Parameters

Constructing graphs in Semnet entails decision-making on graph density. This guide explores the trade-offs between sparse and dense networks, and describes the parameters used to control the final structure.

Orphan nodes

Graphs constructed with Semnet will typically contain orphan nodes, that is, nodes that are not connected to any other nodes. They may also contain small disconnected components, i.e., nodes that are only connected to a small group of other nodes.

Why do orphan nodes occur?

Semnet constructs graphs by comparing the similarity of two entities, if a similarity threshold is reached, then the entities are considered to have an edge.

To do this efficiently, Semnet indexes all possible candidates and returns a subset of those candidates for inclusion.

If for any given node, no matches are found above the threshold, then it will be added to the graph as an orphan.

Are orphan nodes a problem?

Orphan nodes are not always problematic, they can be useful in themselves, for example for deduplication or outlier-detection.

Orphan nodes become a problem when we want to use a graph algorithm across all items in the dataset. Such algorithms often examine a nodes’ position within a larger structure (e.g., for centrality measures). Unconnected nodes are also unavailable for path-finding, and will also return a community of one during community identification.

How do we deal with them?

In an existing graph, the easiest way to deal with disconnected nodes is to remove them from the graph entirely.

For some use-cases, this isn’t a problem. I do a lot of media analysis and I’m particularly interested in narratives. I’m often very happy with a smaller, more focussed network that only contains the most important messages.

For other use-cases, where it’s imperative that all entities are accounted for, orphan nodes may be more problematic. In such cases, we will first try and construct our graph in a way that minimises orphan nodes whilst maintaining coherence and performance.

Density and orphan nodes

The number of orphan nodes in a graph is a function of its density. A more tightly connected (high-edge count) graph will have fewer orphans than a dense one.

Orphan nodes as a function of graph density

Unfortunately, it’s rare that we can simply maximise connectivity. Graphs with millions of edges are constrained by memory problems, and in the context of a similarity network will also contain spurious connections at lower similarities.

Controlling density

Semnet exposes two parameters which provide us with the ability to influence the density of the final graph: thresh and top_k.

thresh

thresh is the similarity threshold at which two nodes are considered to have an edge. Any pairs with a similarity lower than thresh are discarded.

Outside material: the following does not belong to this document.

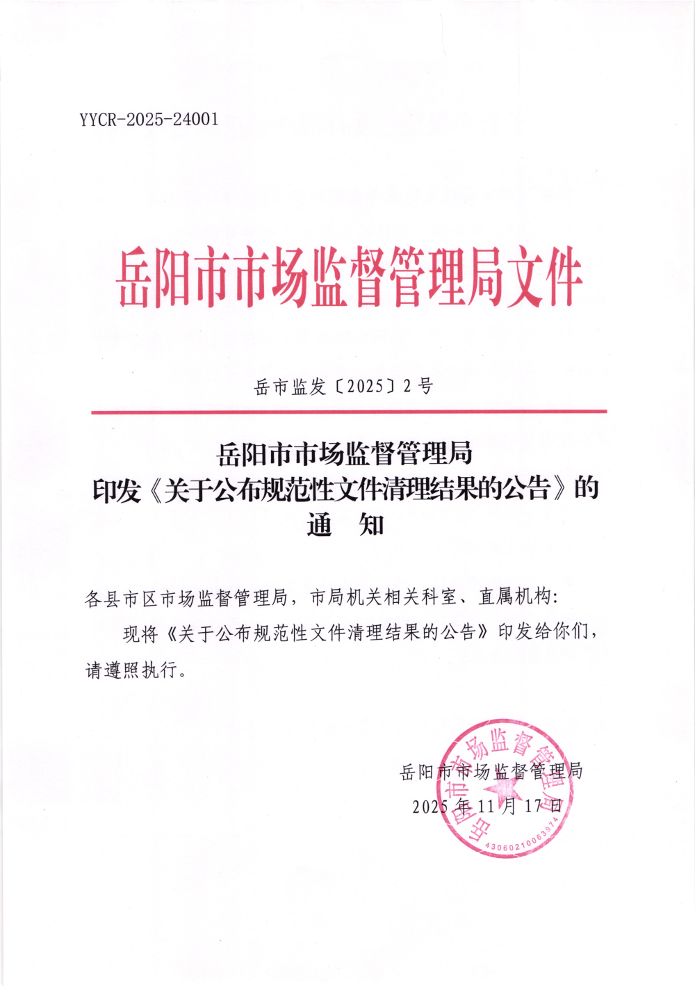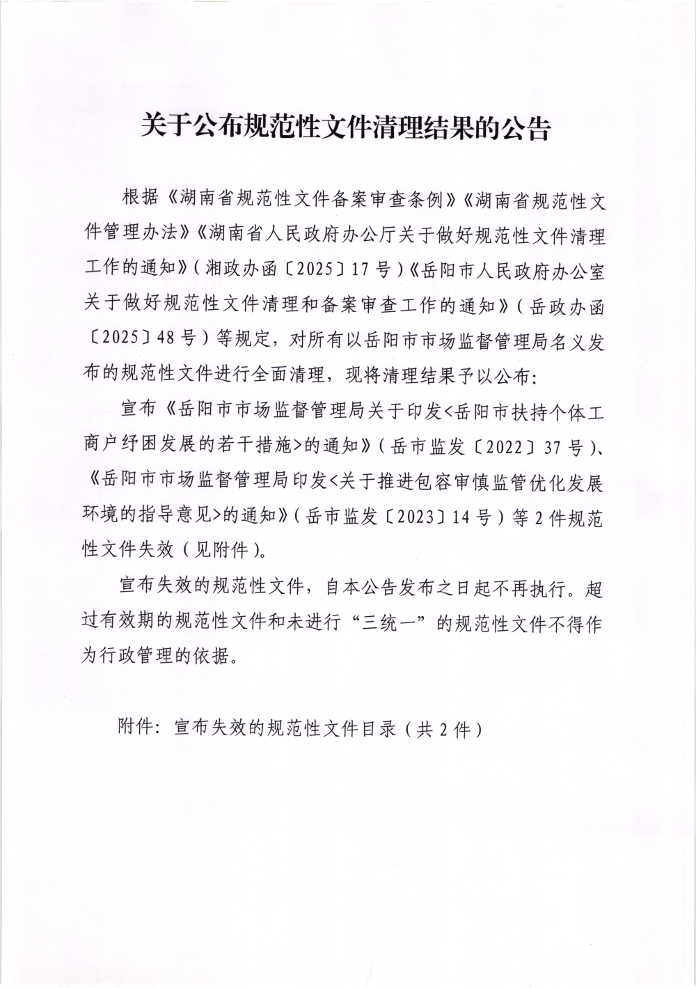 岳阳市市场监督管理局印发《关于公布规范性文件清理结果的公告》的通 知

Similarity relationships at different thresholds

thresh is the most important parameter in determining graph density, particularly at larger scales.

Lower values will result in large numbers of increasingly tenuous connections (false positives), higher values will result in more false negatives and orphan nodes.

In practice, I’ve found values between 0.1 and 0.4 to work well for most use cases, depending on the corpus.

top_k

Passed to the AnnoyIndex, top_k limits the number of results returned during search, and thus the number of out-bound edges a single node may possess.

top_k limits the maximum number of connections a graph can have.

Similarity relationships at different top_k

Higher values of top_k quickly result in heavily connected networks, but are strongly limited by thresh.

Setting values

The number of orphan nodes in a graph at a constant top_k approximates a sigmoid function of thresh.

Effect of similarity threshold on number of orphan nodes

Dealing with orphan nodes and small disconnected

In the context of a semantic network, disconnected nodes can be treated as outliers. As with other forms of analysis, how we deal with disconnected components will vary depending on our use case.

There are several possible strategies for managing disconnected components:

  • Try and build the whole graph again with a lower threshold, accepting more tenuous links

  • Attempt to connect the disconnected nodes at a lower threshold

  • Connect the graph by adding additional nodes and edges for other attributes, e.g., author

  • Drop everything but the largest subgraph

  • Drop selectively, keeping some smaller subgraphs

  • Keep them in, selectively excluding them where relevant (e.g., with community identification)

Performance

top_k is passed to Annoy during search and affects performance. Higher values will take longer to run, given the larger search space required.

n_trees is also passed to Annoy, and impacts how the index is constructed. A higher value will result in a larger, more accurate index, but also in slower search times and greater memory use.